Дед подавил вздох и почти совсем перешел на шепот:
— Ну, тогда, значит, остается пойти к нему.
Бабка быстро сказала?
— За это я не берусь.
— Почему?
— У него взгляд пронзительный. Нет, это ты должен сам.
— Я, Пашенька, сейчас занятый. У меня ночью дежурство, а днем ведь и отдыхнуть надо.
— Ничего, весь день после дежурства спишь, как суслик. — И, не давая больше ему сказать ни слова, Лущилиха перешла в наступление: — Завтра до полден поспишь — и прямо к нему. Только ты с дурной головы сразу все не открывай.

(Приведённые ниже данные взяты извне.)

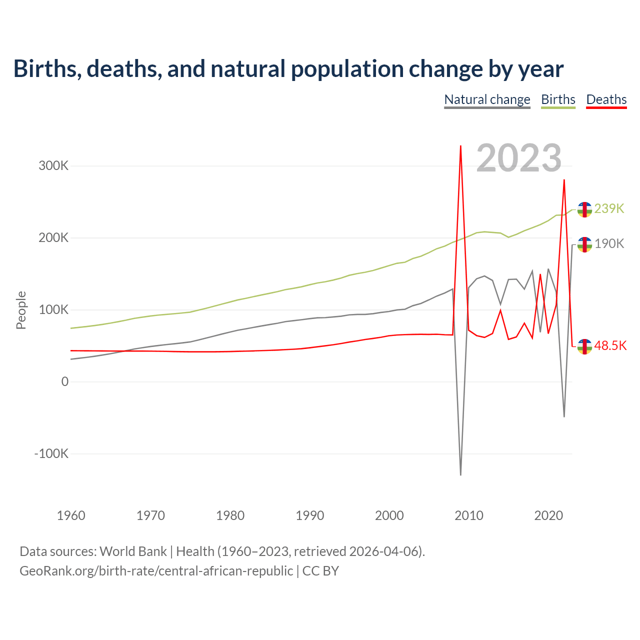 - The Central African Republic is ranked 1/196 by birth rate now and was ranked 101/194 in 1960.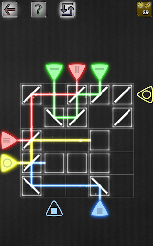 V této logické puzzle hra, umístěte zrcadla nasměrovat lasery k řádnému východu!Hádej orientaci zrcadel pouze s logikou. Žádné náhodné pohyby.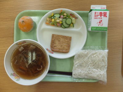 2020年7月22日 12時45分今日の献立は,きつねうどん,油揚げ煮,まめまめサラダ,冷凍みかん,牛乳です。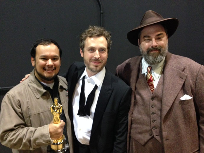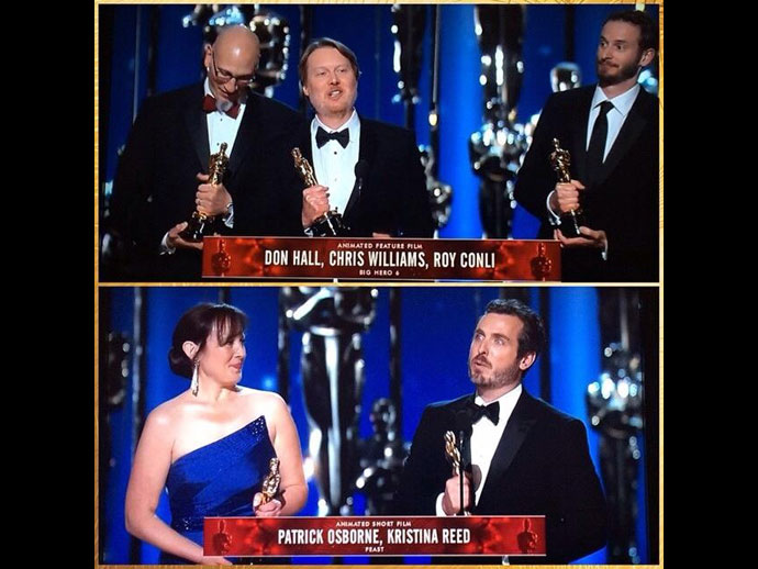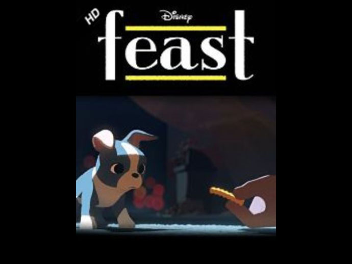 ส่วนหนัง ANIMATION ที่เรียกกันง่ายๆว่าหนังการ์ตูนได้สร้างประวัติศาสตร์ที่สตูดิโอเดียวได้รับทั้ง ๒ รางวัลคือ BEST ANIMATED FILM และ BEST ANIMATED SHORT FILM ที่จะคุยถึงในคอลัมน์นี้ชื่อ FEAST คงจะหมายถึงการกินเลี้ยง เห็นรูปโฆษณามีเจ้าสุนัขพันธุ์ BOSTON TERRIER ชื่อ WINSTON นั่งโต๊ะอยู่ตัวเดียว มีอาหารนานาชนิดบนโต๊ะซ้อนเรียงรายกันขึ้นไปสูงมาก สหรัฐถูกเรียกตัวเข้าไปร่วมทีมกับ FEAST ฐานะ STORY ARTIST และพอดีมีสุนัขพันธุ์นี้อยู่ ๒ ตัว เลยพาไปให้ทีมงาน ศึกษาการกินอาหาร การเคลื่อนไหว ฯลฯ ในสตูดิโอ ปรากฎว่าผู้คนจากแผนกอื่นๆ เข้ามาเล่นกับเจ้า SWEET PEA และ CHIBI สนุกกันใหญ่

У него хорошие деньги должны быть: он и с войны, должно, не с пустыми руками пришел. — Инструктируя деда, она все больше понижала голос, и любопытной соседке приходилось все больше влипать ухом в глинобитную стенку кухни. — Ты ему сперва только самую махонькую щелочку открой, а всего, спаси бог, не говори. Его подоить нужно.
Заинтригованной соседке страшно хотелось узнать, кого это собираются подоить Лущилиха с дедом. Перемещаясь вдоль кухни поближе к тому месту, где бубнили Лущилины, она не удержала равновесия и, покачнувшись, зашуршала по стене растопыренными руками. Лопата выпала у нее из руки, шлепнулась о землю.
Тотчас же в кухне у Лущилиных установилась мертвая тишина, и потом голос бабки с преувеличенной громкостью произнес:
— Ты же гляди, дедуня, получше стереги, сейчас охотников до колхозной капусты много развелось. Особенно доглядай за шоферами, какие мимо огородов едут. Это самые первые воры и есть.
— Да уж это так, — подтвердил дед.
Страшась полного разоблачения, соседка, подхватив лопату, добежала до другого угла двора и опять усиленно стала копать картошку. Вскоре голова Лущилихи в зеленом платке заглянула к ней через плетень.
— Доброго здоровьица, Ананьевна! Копаешь?
— Копаю, Семеновна, копаю, — не поднимая головы, ответила соседка.
— А у нас в нонешнем году картошка вся чисто погорела, самая мелкота уродилась, как горох. Не знаю, с чем я буду своему деду борщ варить…
Соседка искренне посочувствовала Лущилихе, они еще перебросились через плетень несколькими словами, и каждая опять занялась своим делом. Лущилиха через полчаса проводила деда по стежке до самой лодки и постояла на яру, провожая его глазами, пока он не причалил к левому берегу и не скрылся там под вербами. После этого она ушла к себе в дом и заперлась на засов. А соседка, закончив копать картошку и перетаскав ее ведрами в земляной погреб, тоже ушла в дом и легла на кровать, раздумывая над теми словами, что сегодня донеслись до нее из лущилинской летней кухни. Ей очень хотелось доискаться смысла этих слов, и она долго лежала, пытаясь связать в единое разрозненные фразы подслушанного разговора, размышляя над тем, кого из хуторских женщин и мужчин имели в виду Лущилины. Но это ей оказалось не под силу. К тому же эта немолодая женщина, копая картошку, притомилась за день, глаза у нее слипались, и она вскоре уснула. На морщинистом ее лбу, освещенном светом молодого месяца, так и осталась складка.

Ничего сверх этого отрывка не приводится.